Design, setting and participants: IMPACT was an intervention trial at a single tertiary referral hospital (Royal Brisbane and Women’s Hospital) during February 2011 – March 2014. 1366 prospectively recruited patients presenting to the ED with symptoms of suspected acute coronary syndrome (ACS) were stratified into groups at low, intermediate or high risk of an ACS.
Intervention: High risk patients were treated according to NHFA/CSANZ guidelines. Low and intermediate risk patients underwent troponin testing (sensitive assay) 0 and 2 hours after presentation. Intermediate risk patients underwent objective testing after the second troponin test; low risk patients were discharged without further objective testing.
Main outcome measures: The primary outcome was an ACS within 30 days of presentation. Secondary outcomes were ED and hospital lengths of stay (LOS).
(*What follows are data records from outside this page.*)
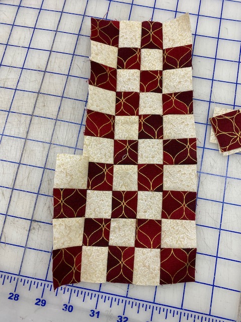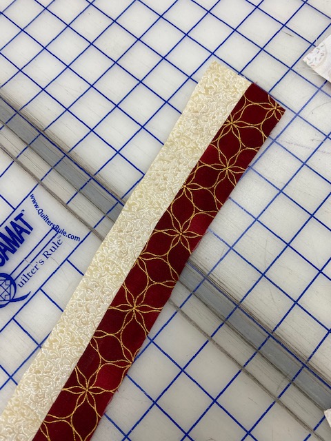 Sew the 1 1/2″ strips together using a 1/4″ seam. Press to the dark. Cut strip into 1 1/2″ sections to yield at least 22″ pieces.
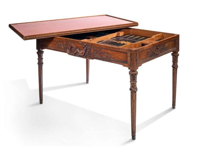 TABLE TRIC-TRAC en noyer sculpté et marqueterie de bois variés. Sur fond de feuillages, la ceinture est ornée en façade d'une colonne cannelée, de guirlandes de lauriers, d'instruments géométriques et d'un médaillon chiffré «LOB». Sur l'arrière, un homme assoupi est sculpté. Dans un encadrement de frise de perles, les côtés de la ceinture reçoivent à gauche, un décor de coeur enflammé percé de flèches et à droite, un oiseau tenant dans son bec un phylactère inscrit «LIBERTAS». La table repose sur quatre pieds fuselés à décor d'acanthes et de guirlandes de laurier. Le plateau présente en marqueterie un damier, et de part et d'autre, un décor de cartes à jouer. Travail du sud de la France ou d'Italie Période néoclassique, fin du XVIIIe siècle H: 70,5 - L: 99 - P: 66 cm Fente, accidents, manques
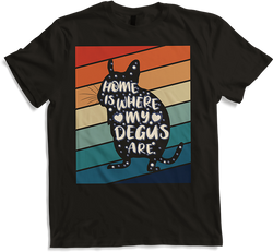 Dieses Unisex T-Shirt ist ein Must-Have für alle, die ein besonderes Band zu Degus teilen - sei es als Freund, Liebhaber oder stolzer Besitzer. Ein Gefühl von Heimat, da ja bekanntlich Zuhause ist, wo die eigenen Degus sind, wird mit diesem Style untermalt. Im...- 24,95 €
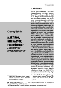 Csepregi, Zoltán (2024) Mártírok, hitehagyók, emigránsok: A gályarabperek evangélikus vádlottjai. SÁROSPATAKI FÜZETEK, 28 (4). pp. 13-22. ISSN 1416-9878
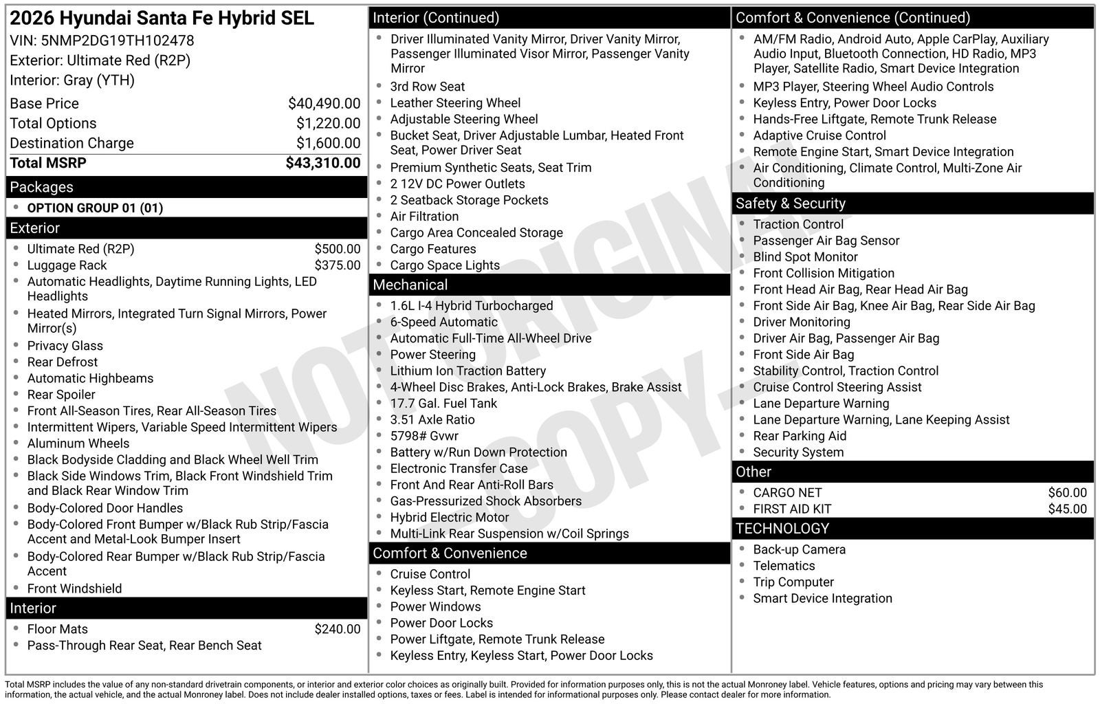 - Vehicle Name: Hyundai Santa Fe Hybrid
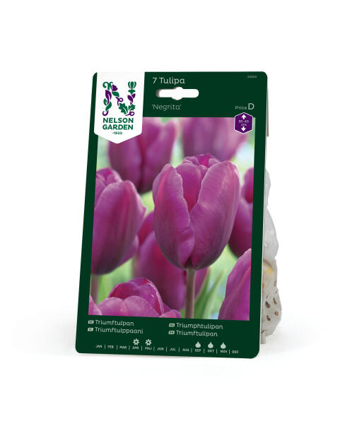 Blombladen hos denna tulpan flammar i purpurlila. Karaktäristiskt för triumftulpanen är den stadiga blomstjälken och den vackra blomformen. Blommorna brukar stå länge. Mycket bra som snittblommor.
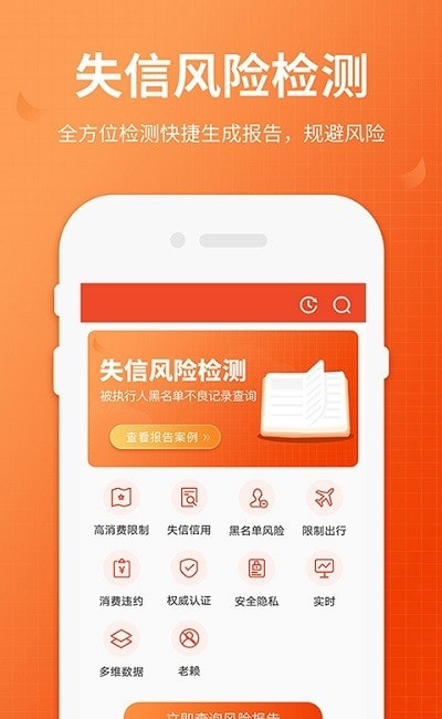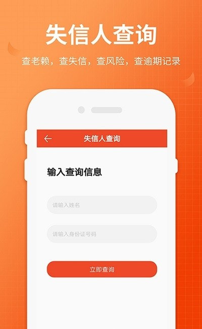1. 详细查询:一键通过姓名、身份证,即可查找黑名单、法院执行人、失信人、老赖相关信息。
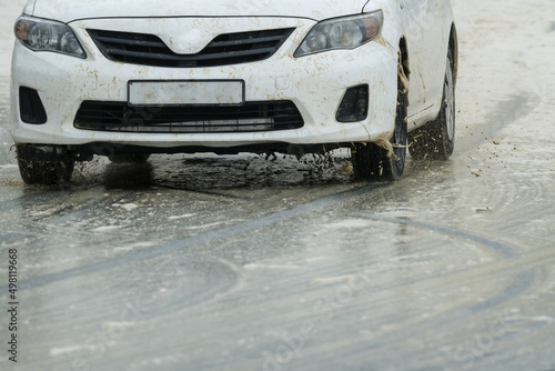 Naklejka premium car closeup on a slippery wet road during inclement weather concept bad road...
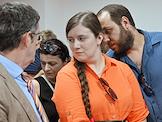 Оглашение приговора по делу о гибели младенца в роддоме №4 при московской больнице имени В.В.Виноградова в Гагаринском районном суду. Одна из обвиняемых по делу, акушер-гинеколог Анастасия Каюмова (вторая справа) во время заседания суда.

Results: The IMPACT protocol stratified 244 (17.9%) patients to low risk, 789 (57.7%) to intermediate risk, and 333 (24.4%) to high risk categories. The overall 30-day ACS rate was 6.6%, but there were no ACS events in the low risk group, and 14 (1.8%) in the intermediate risk group. The median hospital LOS was 5.1 hours (IQR, 4.2–5.6 h) for low risk and 7.7 hours (IQR, 6.1–21 h) for intermediate risk patients.
Conclusions: The IMPACT protocol safely and efficiently allowed a large proportion of patients presenting to EDs with chest pain to undergo accelerated assessment for risk of an ACS.
Clinical trial registration: Australian New Zealand Clinical Trials Registry ACTRN12611000206921.